DATA EXCERPTS:

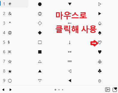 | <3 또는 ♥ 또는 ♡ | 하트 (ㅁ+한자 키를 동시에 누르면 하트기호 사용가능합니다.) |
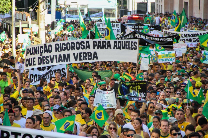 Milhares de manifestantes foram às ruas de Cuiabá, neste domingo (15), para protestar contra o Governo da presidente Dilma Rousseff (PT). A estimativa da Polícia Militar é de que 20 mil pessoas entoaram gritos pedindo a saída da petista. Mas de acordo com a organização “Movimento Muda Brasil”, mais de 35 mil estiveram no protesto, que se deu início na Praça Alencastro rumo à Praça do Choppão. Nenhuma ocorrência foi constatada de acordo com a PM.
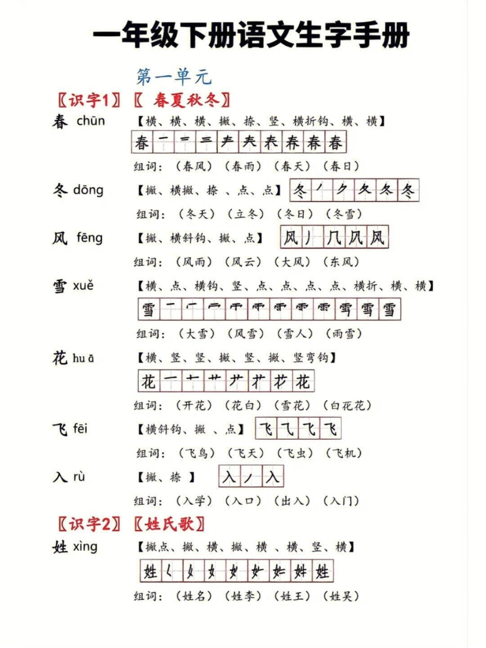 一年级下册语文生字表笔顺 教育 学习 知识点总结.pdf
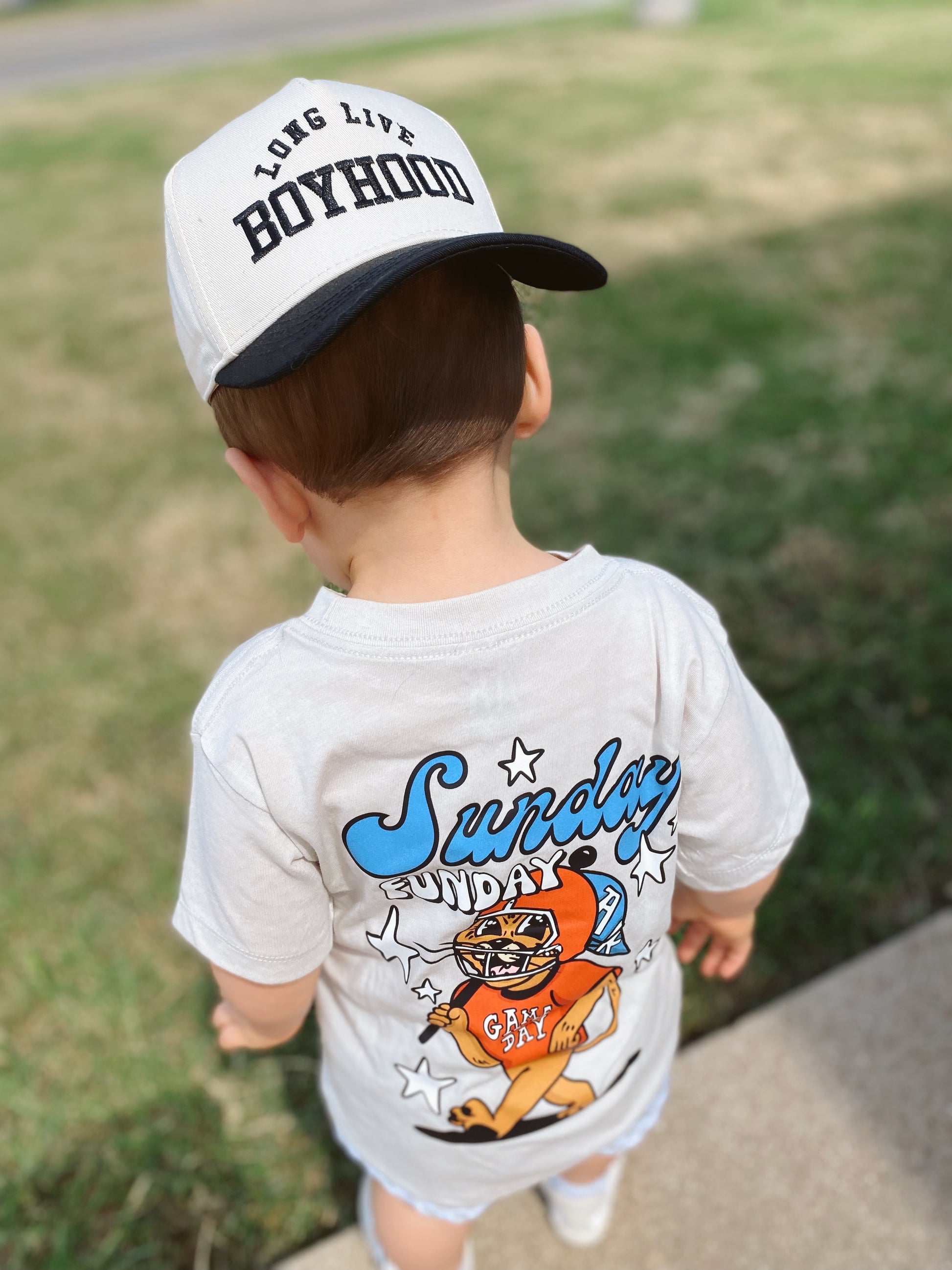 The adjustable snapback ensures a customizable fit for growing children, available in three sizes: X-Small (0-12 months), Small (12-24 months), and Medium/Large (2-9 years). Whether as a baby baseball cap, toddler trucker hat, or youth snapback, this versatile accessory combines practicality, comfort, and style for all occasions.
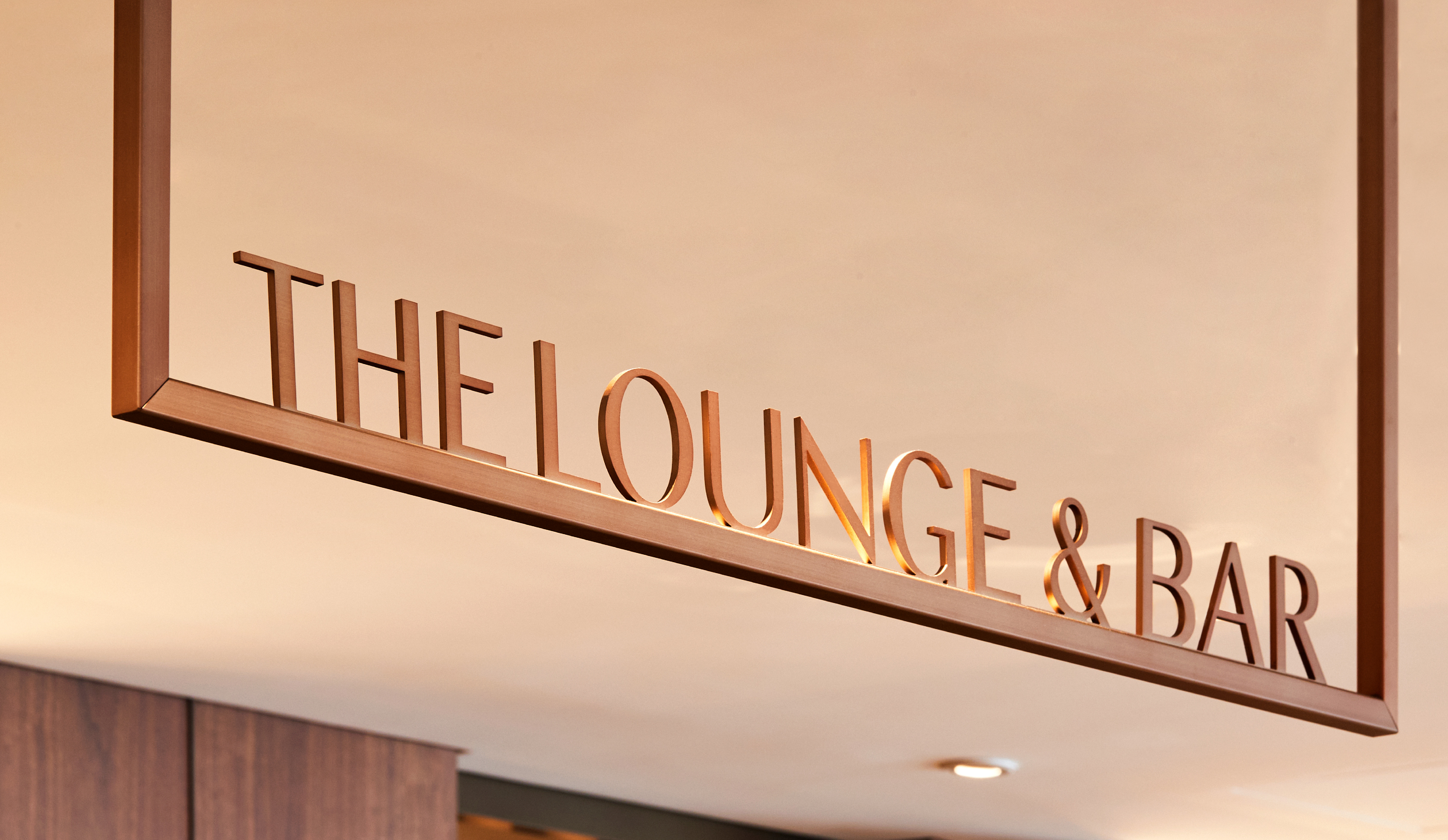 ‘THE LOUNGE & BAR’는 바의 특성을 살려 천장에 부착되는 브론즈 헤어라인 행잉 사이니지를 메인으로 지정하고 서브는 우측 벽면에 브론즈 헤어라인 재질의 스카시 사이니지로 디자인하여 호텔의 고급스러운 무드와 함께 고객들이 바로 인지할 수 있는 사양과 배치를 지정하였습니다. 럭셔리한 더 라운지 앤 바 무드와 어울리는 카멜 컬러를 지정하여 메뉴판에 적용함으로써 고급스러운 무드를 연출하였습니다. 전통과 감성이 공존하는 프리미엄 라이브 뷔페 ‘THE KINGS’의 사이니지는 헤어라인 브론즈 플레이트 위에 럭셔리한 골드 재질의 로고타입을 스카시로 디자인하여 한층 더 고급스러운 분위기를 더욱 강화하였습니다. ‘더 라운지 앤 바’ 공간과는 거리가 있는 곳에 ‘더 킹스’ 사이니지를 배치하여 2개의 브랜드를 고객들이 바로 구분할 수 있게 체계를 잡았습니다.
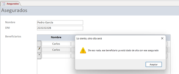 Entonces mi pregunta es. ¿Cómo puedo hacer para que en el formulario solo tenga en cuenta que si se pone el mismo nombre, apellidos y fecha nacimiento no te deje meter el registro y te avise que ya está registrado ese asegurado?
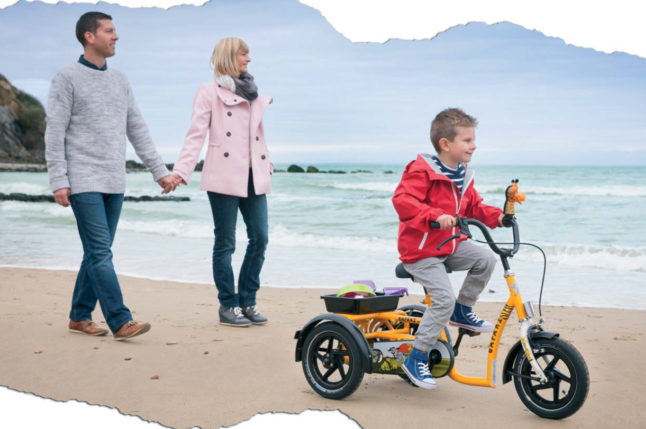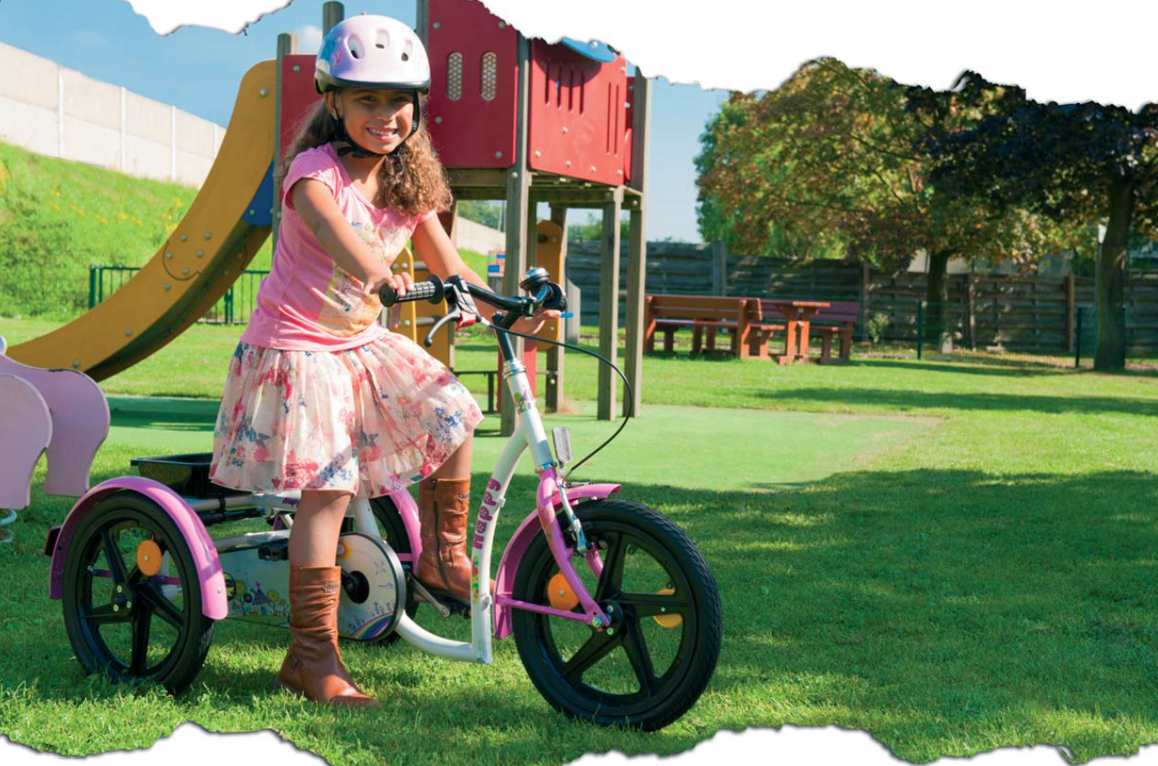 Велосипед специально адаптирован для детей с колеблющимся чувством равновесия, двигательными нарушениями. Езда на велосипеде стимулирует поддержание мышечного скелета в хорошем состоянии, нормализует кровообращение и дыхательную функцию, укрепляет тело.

* * *

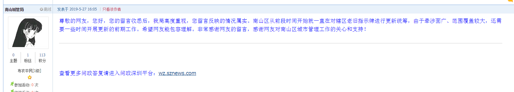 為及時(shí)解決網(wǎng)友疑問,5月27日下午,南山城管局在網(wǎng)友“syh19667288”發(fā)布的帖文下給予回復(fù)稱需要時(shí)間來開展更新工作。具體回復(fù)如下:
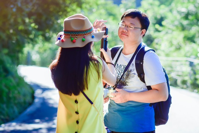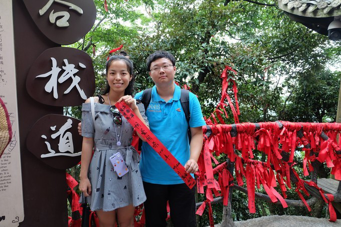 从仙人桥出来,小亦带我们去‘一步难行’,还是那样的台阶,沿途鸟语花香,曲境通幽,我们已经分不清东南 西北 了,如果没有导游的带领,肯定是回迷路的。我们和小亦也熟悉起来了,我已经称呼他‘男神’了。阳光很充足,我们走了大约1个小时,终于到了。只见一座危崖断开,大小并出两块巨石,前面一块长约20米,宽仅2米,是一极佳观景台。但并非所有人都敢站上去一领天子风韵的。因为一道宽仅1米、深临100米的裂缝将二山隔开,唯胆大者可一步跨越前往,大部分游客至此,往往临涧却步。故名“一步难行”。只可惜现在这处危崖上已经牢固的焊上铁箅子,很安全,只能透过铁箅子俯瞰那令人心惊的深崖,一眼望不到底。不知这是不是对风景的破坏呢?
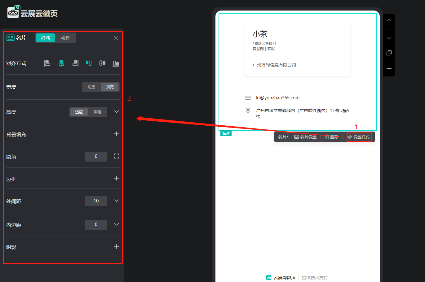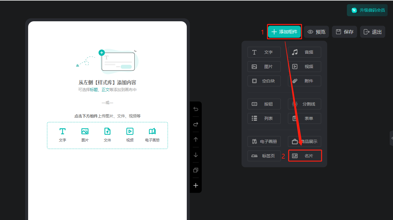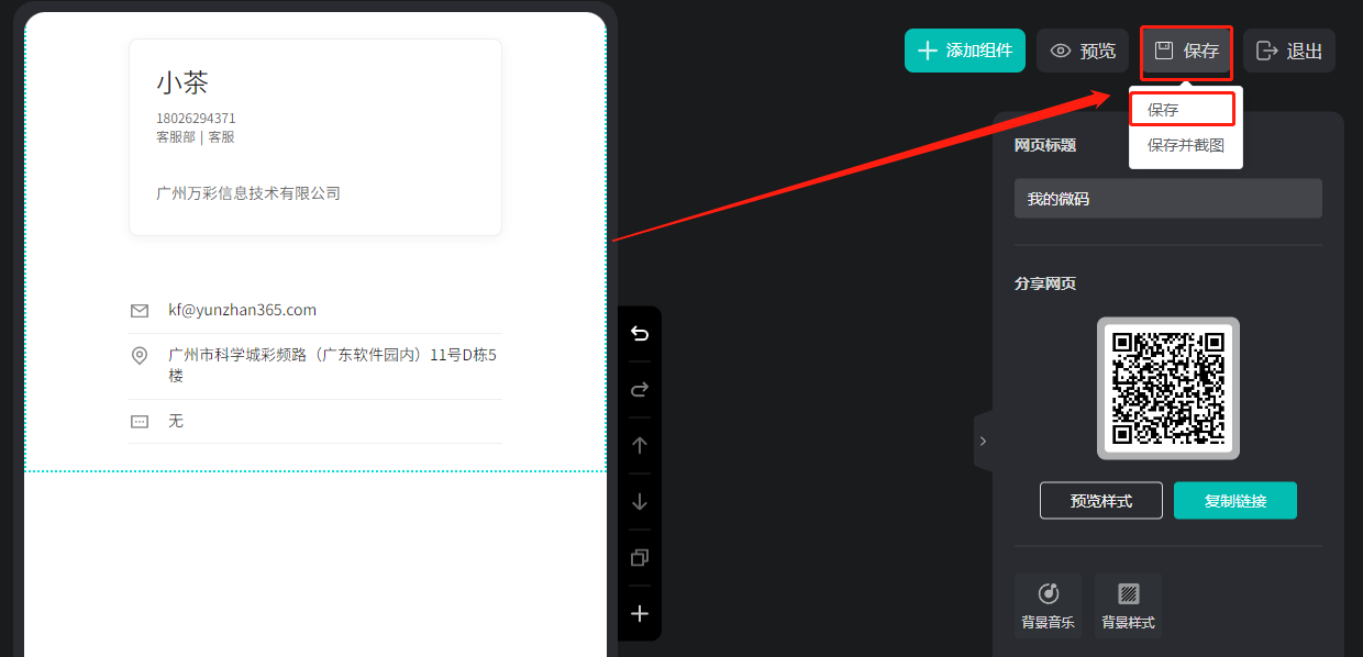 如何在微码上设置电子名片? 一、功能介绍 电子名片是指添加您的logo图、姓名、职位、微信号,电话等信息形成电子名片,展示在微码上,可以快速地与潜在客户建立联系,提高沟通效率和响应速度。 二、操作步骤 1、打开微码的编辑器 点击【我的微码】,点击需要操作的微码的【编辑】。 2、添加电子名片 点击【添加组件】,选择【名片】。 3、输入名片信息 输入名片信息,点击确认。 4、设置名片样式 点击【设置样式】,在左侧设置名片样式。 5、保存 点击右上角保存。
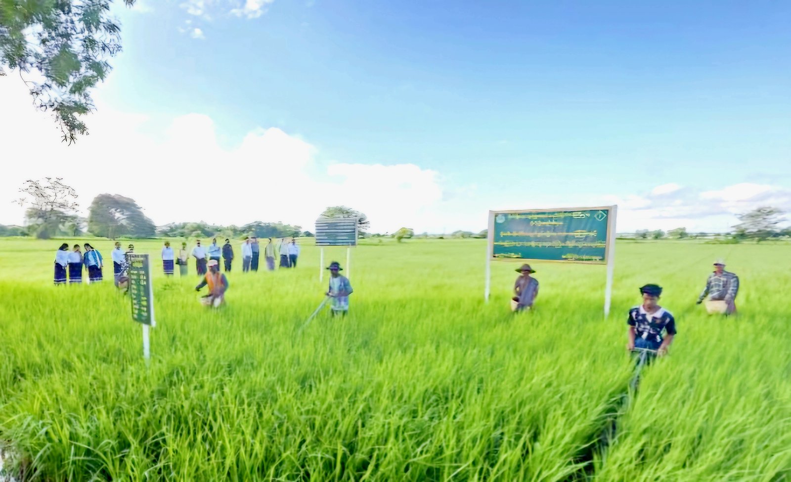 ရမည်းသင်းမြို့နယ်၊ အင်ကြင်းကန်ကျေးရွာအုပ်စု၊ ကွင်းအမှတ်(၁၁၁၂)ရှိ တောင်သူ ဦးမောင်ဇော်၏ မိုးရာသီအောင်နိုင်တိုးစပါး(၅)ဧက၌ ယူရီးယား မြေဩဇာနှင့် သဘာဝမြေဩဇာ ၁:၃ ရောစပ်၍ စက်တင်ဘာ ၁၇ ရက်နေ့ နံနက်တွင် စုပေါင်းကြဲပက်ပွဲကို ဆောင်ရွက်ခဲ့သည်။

EXERCISE BRIEF:
Only the lines above from the one containing "Milhares de manifestantes" through the one containing "Велосипед специально адаптирован" should be returned, verbatim and inclusive, with pictures excluded.

REPLY:
 Milhares de manifestantes foram às ruas de Cuiabá, neste domingo (15), para protestar contra o Governo da presidente Dilma Rousseff (PT). A estimativa da Polícia Militar é de que 20 mil pessoas entoaram gritos pedindo a saída da petista. Mas de acordo com a organização “Movimento Muda Brasil”, mais de 35 mil estiveram no protesto, que se deu início na Praça Alencastro rumo à Praça do Choppão. Nenhuma ocorrência foi constatada de acordo com a PM.
 一年级下册语文生字表笔顺 教育 学习 知识点总结.pdf
 The adjustable snapback ensures a customizable fit for growing children, available in three sizes: X-Small (0-12 months), Small (12-24 months), and Medium/Large (2-9 years). Whether as a baby baseball cap, toddler trucker hat, or youth snapback, this versatile accessory combines practicality, comfort, and style for all occasions.
 ‘THE LOUNGE & BAR’는 바의 특성을 살려 천장에 부착되는 브론즈 헤어라인 행잉 사이니지를 메인으로 지정하고 서브는 우측 벽면에 브론즈 헤어라인 재질의 스카시 사이니지로 디자인하여 호텔의 고급스러운 무드와 함께 고객들이 바로 인지할 수 있는 사양과 배치를 지정하였습니다. 럭셔리한 더 라운지 앤 바 무드와 어울리는 카멜 컬러를 지정하여 메뉴판에 적용함으로써 고급스러운 무드를 연출하였습니다. 전통과 감성이 공존하는 프리미엄 라이브 뷔페 ‘THE KINGS’의 사이니지는 헤어라인 브론즈 플레이트 위에 럭셔리한 골드 재질의 로고타입을 스카시로 디자인하여 한층 더 고급스러운 분위기를 더욱 강화하였습니다. ‘더 라운지 앤 바’ 공간과는 거리가 있는 곳에 ‘더 킹스’ 사이니지를 배치하여 2개의 브랜드를 고객들이 바로 구분할 수 있게 체계를 잡았습니다.
 Entonces mi pregunta es. ¿Cómo puedo hacer para que en el formulario solo tenga en cuenta que si se pone el mismo nombre, apellidos y fecha nacimiento no te deje meter el registro y te avise que ya está registrado ese asegurado?
 Велосипед специально адаптирован для детей с колеблющимся чувством равновесия, двигательными нарушениями. Езда на велосипеде стимулирует поддержание мышечного скелета в хорошем состоянии, нормализует кровообращение и дыхательную функцию, укрепляет тело.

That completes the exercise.